High Sheriff of Belfast
- In office 1948–1949
- Preceded by: James Henry Norritt
- Succeeded by: Stuart Knox Henry

Member of the Northern Ireland Senate
- In office 1955–1957

Member of the Northern Ireland Parliament for Belfast Woodvale
- In office 4 April 1950 – 15 November 1955
- Preceded by: John William Nixon
- Succeeded by: Neville Martin

Personal details
- Born: 1902 Belfast, Northern Ireland
- Died: 25 August 1969
- Political party: Ulster Unionist

= Robert Harcourt (unionist politician) =

Northern Irish unionist politician

Sir Robert John Rolston Harcourt, JP (1902 – 25 August 1969) was a Northern Irish unionist politician.

==Background==
Robert Harcourt, known as John, became the director of F. E. Harcourt and Company coal merchants. He was High Sheriff of Belfast in 1949, and later in the year unsuccessfully stood as the Ulster Unionist Party (UUP) candidate for South Down. Soon after this, John William Nixon, the independent Unionist MP for Belfast Woodvale, died. Harcourt stood in the ensuing by-election on 4 April 1950 and was elected.

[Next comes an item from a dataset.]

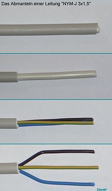 die leitenden Kupferdrähte werden sichtbar, (braun = Außenleiter)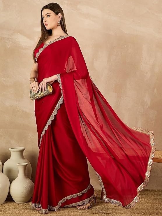 Women’s Satin Chiffon Sequence Work Embroidery Lace Border Plain Solid Saree

In 1955, Harcourt was elected Lord Mayor of Belfast, a position which carried with it an ex officio position in the Senate of Northern Ireland. He served until 1957, when he was knighted.

Harcourt was an active member of the Orange Order and a Member of the prestigious Belfast lodge, Royal York LOL 145.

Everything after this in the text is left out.